Критерии литературных споров всегда хочется проверить опытом самой литературы, неторопливо вникнув в эволюцию поэтических направлений и индивидуальных исканий, соотнося их с общим движением искусства.

Есть в истории мировой поэзии судьбы, которые щедро предоставляют материал для размышлений о проблемах теоретических. Как преодолевается авангардизм? Что такое реализм в поэзии? Каково отличие поэтики XX века от поэтики XIX? Нужно ли здесь намечать принципиальную границу? Эти вопросы (применительно к европейской поэзии) советские исследователи, если они обращаются к зарубежной культуре, стремятся решать, исходя из опыта таких мастеров слова нашего времени, как Пабло Неруда, Назым Хикмет, Юлиан Тувим, Поль Элюар, Луи Арагон.

Творческий путь собрата Элюара и Арагона – Робера Десноса реже привлекал наше внимание1, но для прояснения некоторых аспектов реалистической поэтики он не менее красноречив. Взаимосвязь между условным метафорическим образом и аметафорической формой поэтического «сообщения»; между фольклорной традицией и новейшей стихотворной структурой, – к этим проблемам мы выходим сразу, едва начинаем путешествие по поэтическому миру Робера Десноса.

«Самый представительный поэт своего поколения», – пишут о нем; «Самый непосредственный. Самый свободный, всегда одухотворенный… и самый мужественный из людей», – говорил о своем друге Поль Элюар. «Экспериментальная поэзия», «виртуозность», «пафос экспериментаторства», «увлеченная игра формами»- вот определения, прочно закрепившиеся во французской критике за художественной манерой Робера Десноса.

Порой даже финал этой поэтической судьбы – стихи, печатавшиеся под псевдонимами в подпольной прессе Сопротивления, голгофа знакомства с тюрьмами и концентрационными лагерями (участник антифашистской битвы, Деснос погиб в 1945 году) – кое-кому видится только экстравагантной неожиданностью – вроде неожиданных сочетаний, узаконенных поэтикой сюрреализма.

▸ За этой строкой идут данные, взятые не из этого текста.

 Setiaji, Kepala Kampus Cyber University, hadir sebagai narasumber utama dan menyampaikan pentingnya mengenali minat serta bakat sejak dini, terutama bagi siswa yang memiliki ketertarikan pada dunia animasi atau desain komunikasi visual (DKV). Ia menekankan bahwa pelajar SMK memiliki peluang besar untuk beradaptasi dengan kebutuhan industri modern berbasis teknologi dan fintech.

Какой же эксперимент увлекал Робера Десноса? Какому новаторству, какой мечте расточительно отдавал он часы и месяцы своей недолгой жизни?

Едва закончив военную службу в Марокко, Робер Деснос, отпечатавший несколько экземпляров своей первой книжицы «Проспекты» в 1917 году, попал в водоворот парижских литературных школ. Программы сюрреализма показались ему заманчивыми. По законам поэтики сюрреализма соединять надо было самое несоединимое, сближать самое отдаленное. И юному Роберу это удавалось виртуозно. «В течение нескольких лет Деснос делал то, что хотел сделать сюрреализм» 2, – это суждение, упрощающее и цели сюрреализма, и творчество Десноса, тем не менее правдоподобно: долго друзья-сюрреалисты считали Десноса самым удачливым производителем автоматических виде´ний. Но слишком уж часто выплывали из бездны «подсознания» строки, метко обобщавшие законы буржуазного миропорядка. Деснос обличал ханжество, ригоризм литературных групп, националистический психоз и дух чистогана, вытеснивший идеалы.

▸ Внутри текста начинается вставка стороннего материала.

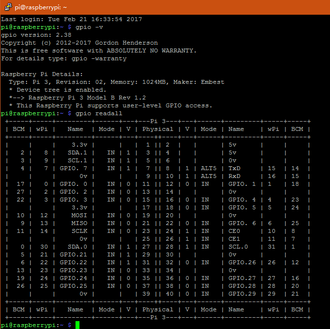首先使用内置gpio命令查看GPIO物理接口信息,如果使用gpio readall命令出错提示不识别板子的话,去官方下载最新的gpio编译并重启,树莓派系统子自带的似乎是2.31,这里更新到2.38之后顺利读取到gpio物理接口信息。

Конечно, циклы 20-х годов («Раскалённая речь» 3, 1923; «Омоним», 1923) дают достаточно оснований, чтобы считать их типично сюрреалистическими, – слишком «резвятся» слова и звуки, удивляя, сбивая с толку.

Во французском сюрреализме трудно выявить четкие идейно-эстетические размежевания. Граница противоречий пересекает творчество едва ли не каждого большого поэта из входивших в группу. Резкими контрастами отмечена лирика Элюара, Арагона, Р. Шара тех лет. То же наблюдаем и в творчестве Десноса. Уже ранний Деснос умел удивлять не только абсурдным соположением предметов, но и неожиданным поворотом мысли, ее обнаженностью, которой странноватое слово помогало, а не мешало. Союз понятий, осуществленный Десносом в афоризмах, высмеивающих ханжество, национализм, культ денег, имеет иную природу, нежели программная фраза Лотреамона, ставшая девизом сюрреалистов: «Встреча на операционном столе зонтика и швейной машинки». По такому рецепту должны были возникнуть и возникали абсурдные сочетания типа «мертвая крыса в мозгу желудка» (Жорж Рибмон-Дессень), «облезлое солнце пожирает удары топора» (М. Леирис), «съев диван, медведь выплюнул женскую грудь» (Б. Пере) и т. п. В подобных сочетаниях нет подтекста, нет мысли, которая оправдала бы появление странного симбиоза.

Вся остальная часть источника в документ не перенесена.